To understand what vector search is, you first need to know what embeddings are.

Embeddings are essentially the translation of bodies of text (which I’ll call documents) into numbers which allows algorithms to better understand the content of the document.

These documents could be as short as an H1 to as long as an in-depth article.

What is Vector Search?

Once you have these embeddings (i.e. number representations of your documents), a vector search is the comparison of the numbers against other numbers (i.e. comparing documents against each other) to find the similarity of them.

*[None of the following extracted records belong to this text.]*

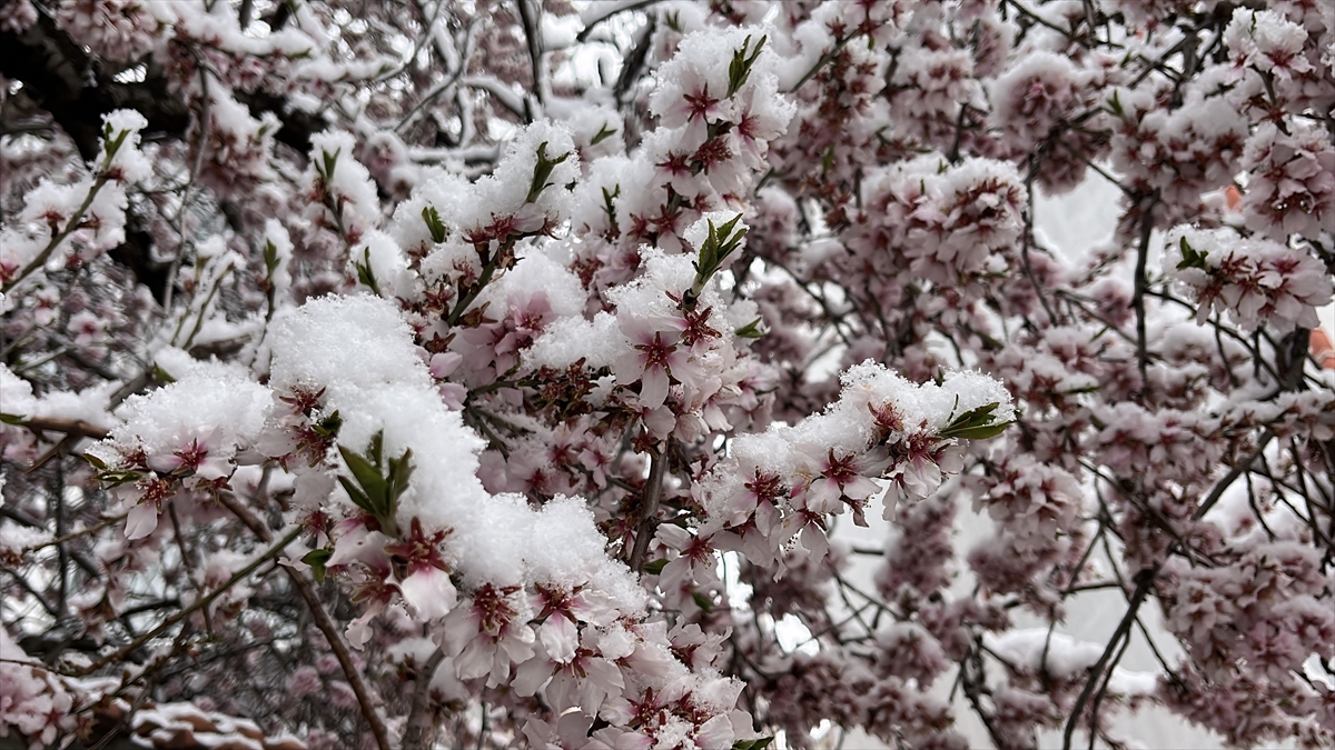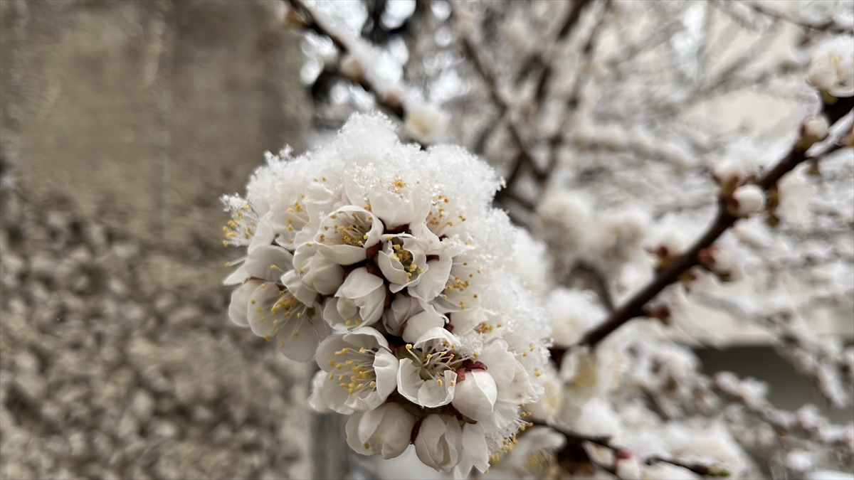Kar nedeniyle evlerin çatıları ile araçların üzeri beyaz örtüyle kaplanırken, çiçek açan meyve ağaçları da kar altında kaldı.
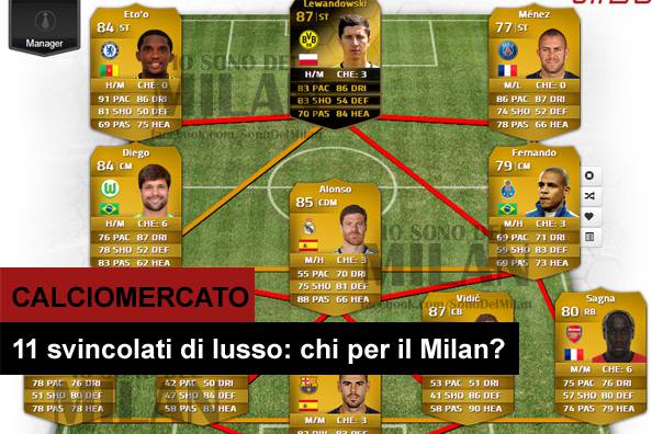 CALCIOMERCATO MILAN SVINCOLATI – Eccovi una top 11 con protagonisti i calciatori svincolati, quei giocatori il cui contratto scadrà a giugno del 2014 e che a gennaio potrebbero essere acquistati a prezzi stracciati o tutt’al più a zero in estate. Una squadra di altissimo livello composta da stelle del calibro di Terry, Eto’o, Lewandowski, Xabi Alonso, Evra, Sagna, Vidic e altri calciatori che sicuramente potrebbero fare comodo al nostro Milan e all’ad Galliani, sempre attento alle varie occasioni che si palesano all’orizzonte. A voi chi piacerebbe vedere di questi a Milanello?
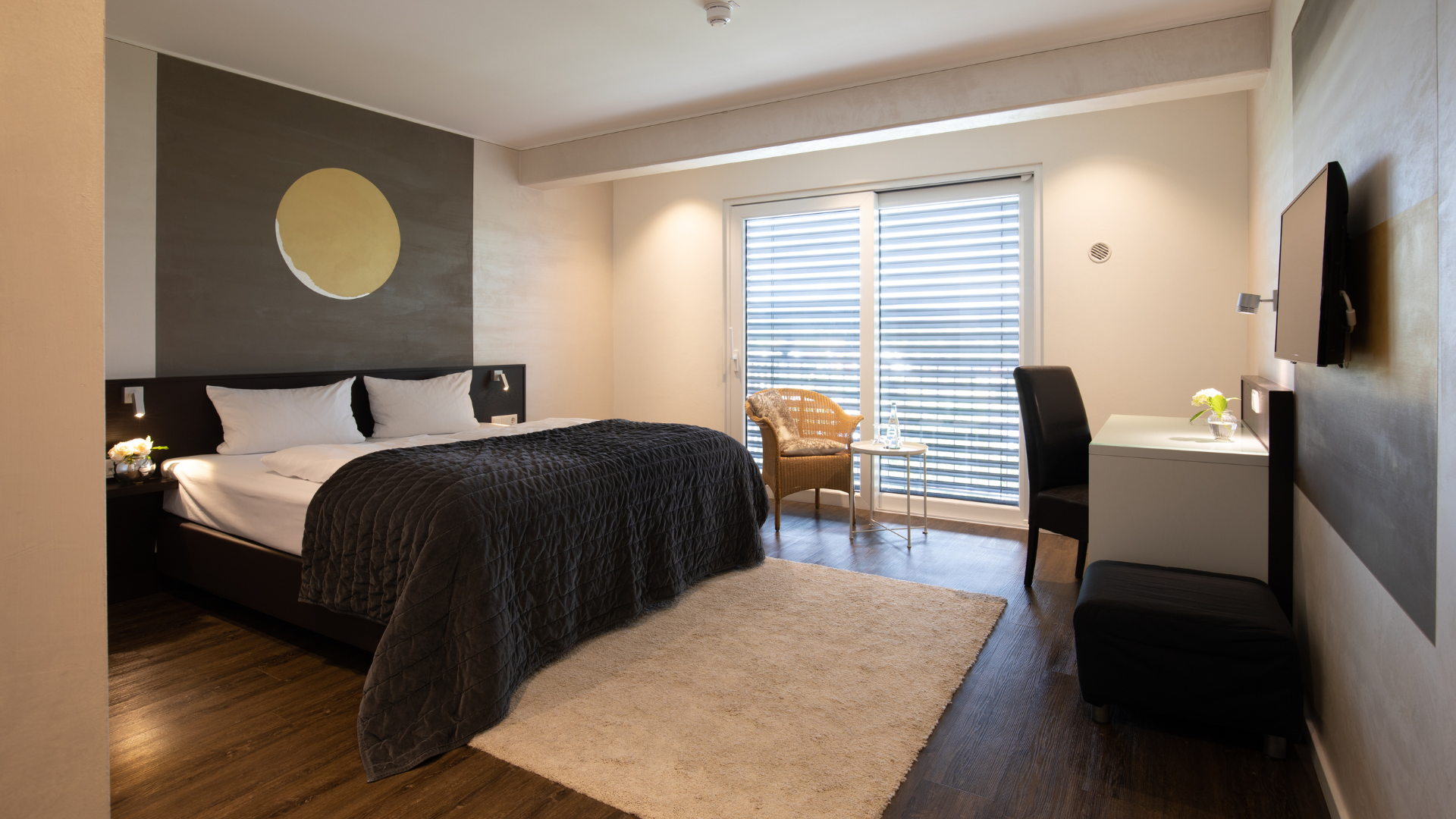 Unser größtes Zimmer. Bodentiefe Fenster. Balkon oder französischer Balkon. Ein wunderbarer Blick über das Wittlicher Tal. Boxspringbett. Klimatisiert. Kurz: Ein Ort zum Wohlfühlen. Gern zu zweit.
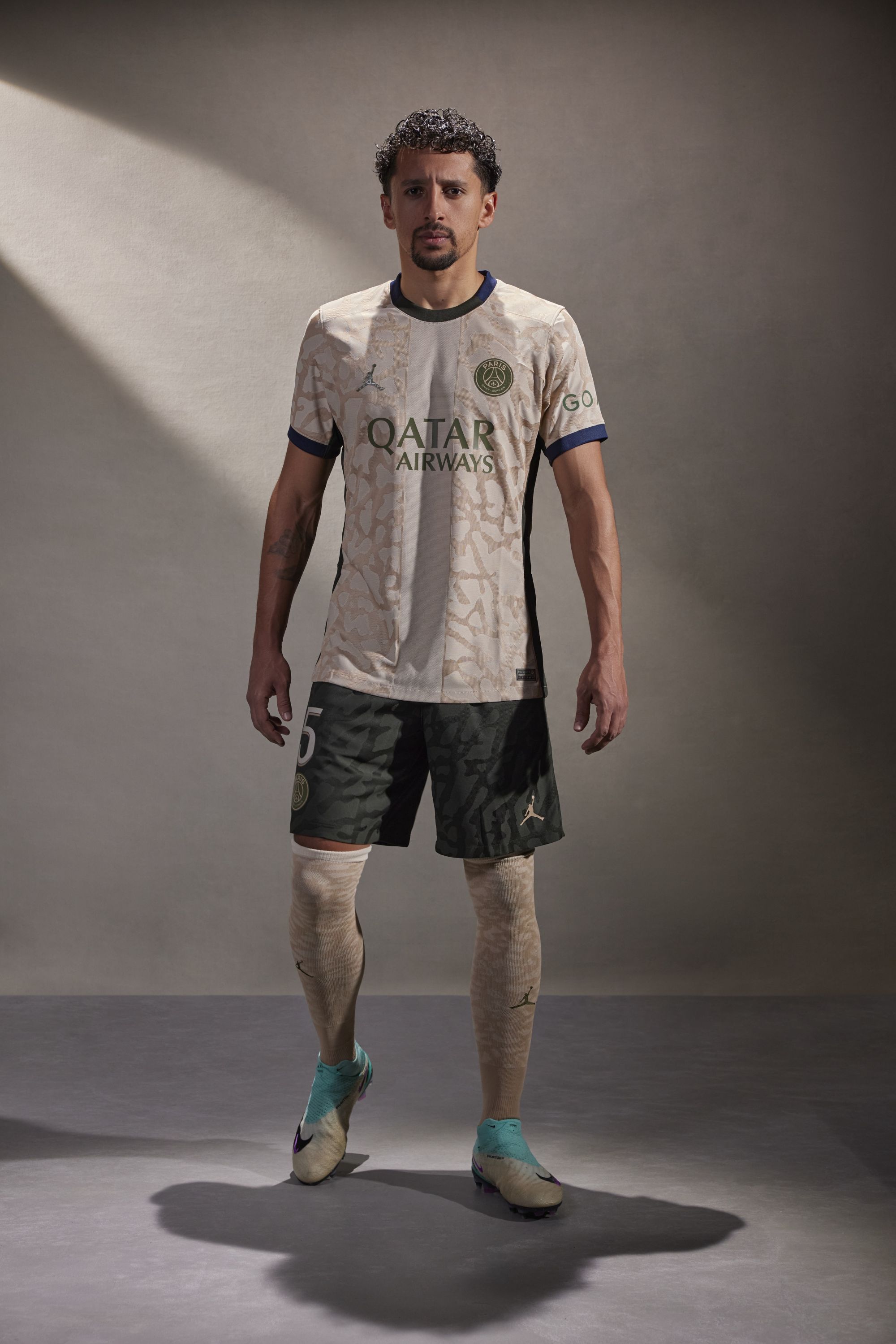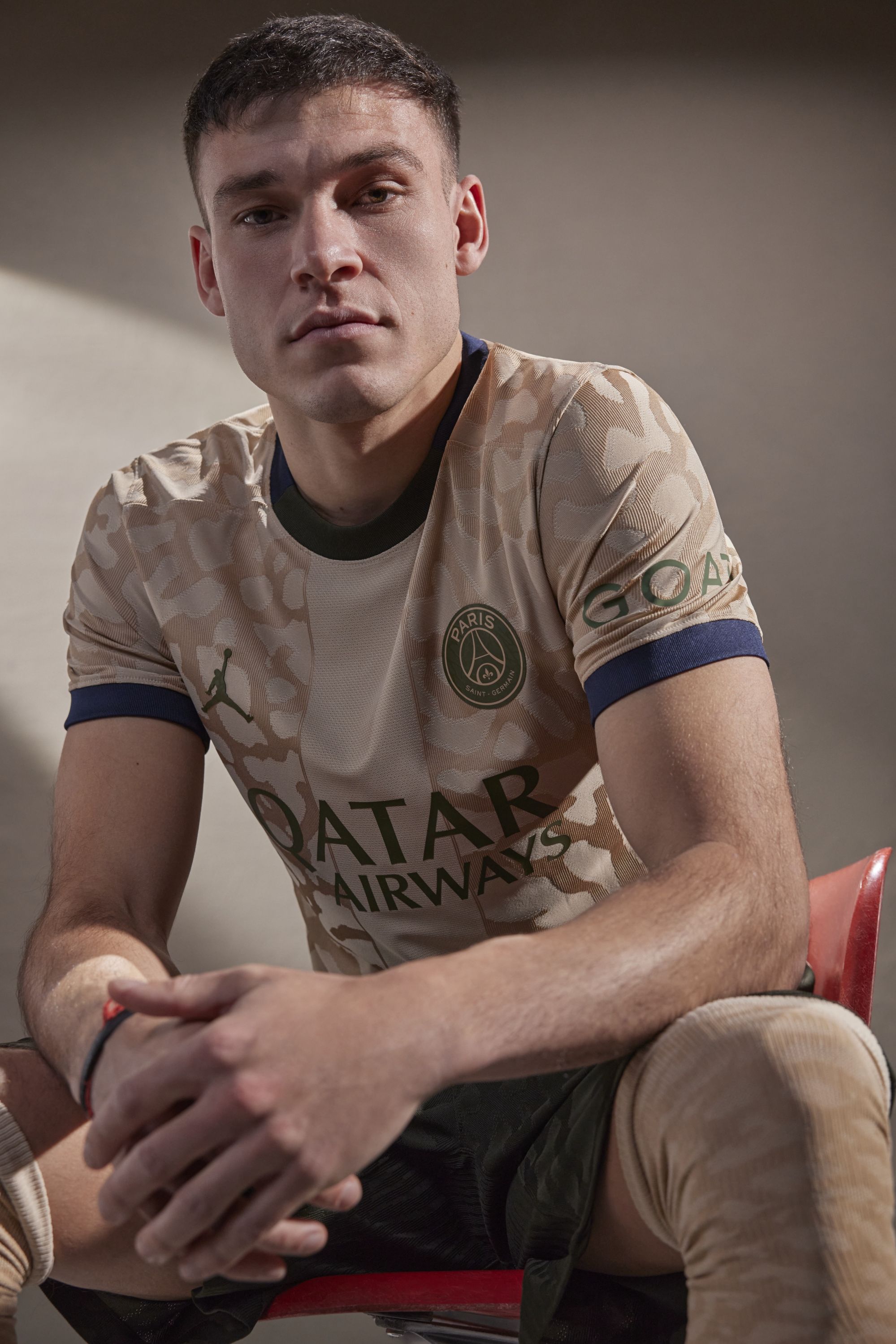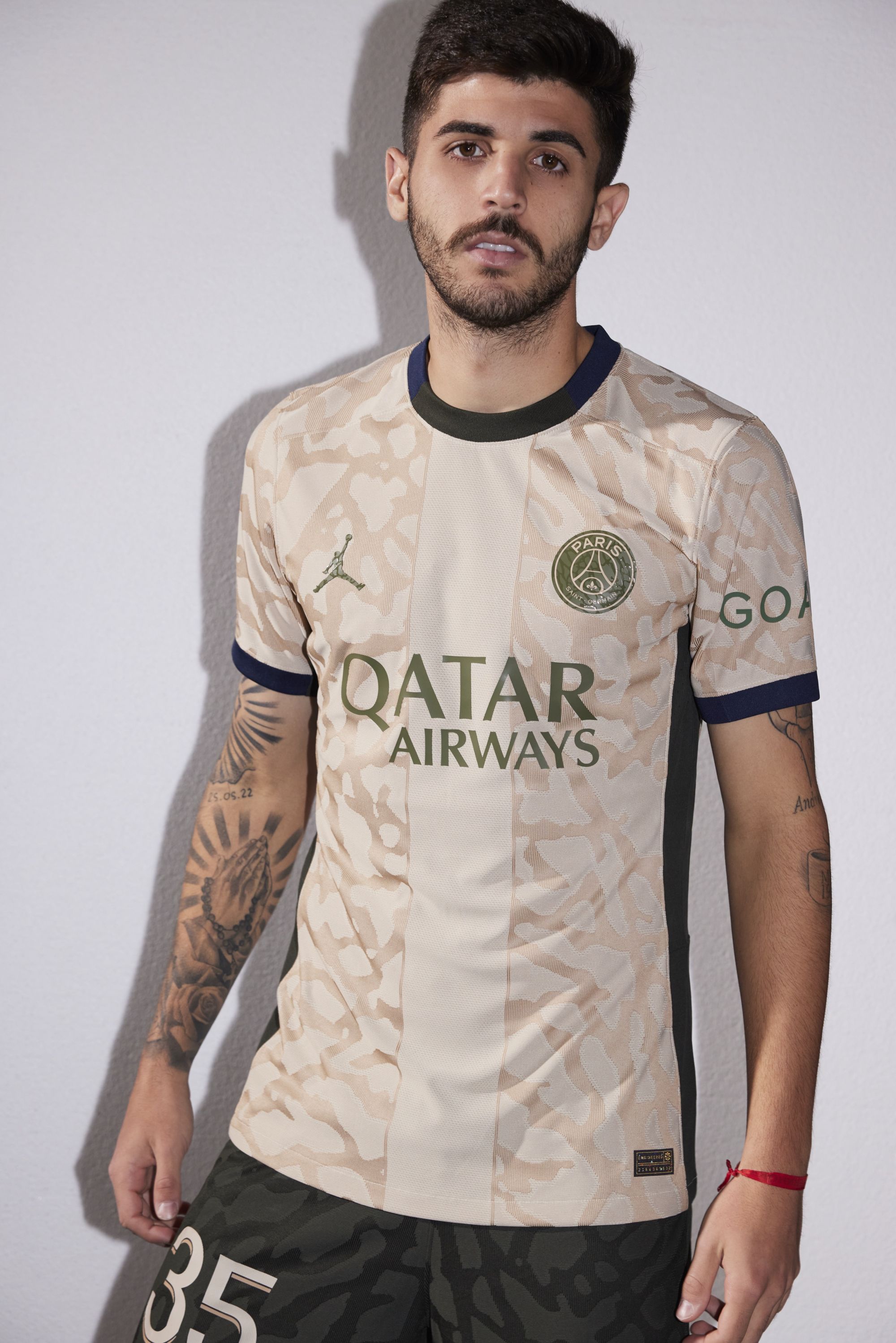 Le quatrième maillot du PSG en collaboration avec Jordan Brand L'emblématique motif elephant print revient cette fois-ci en couleur sable

The higher the similarity of these numbers the more likely they are related.

If you’d like to dive deeper into the nitty gritty details of how vector search works, you can read more about it on OpenAI’s blog.

Why Use Vector Search for Internal Links?

So why the heck should you use vector search instead of using something like ScreamingFrog + regex?

Well… instead of trying to find cases of whether a keyword is on a page or not, you’re now able to find opportunities based on semantic similarity. In plain English that means you can flag internal links based on topical similarity.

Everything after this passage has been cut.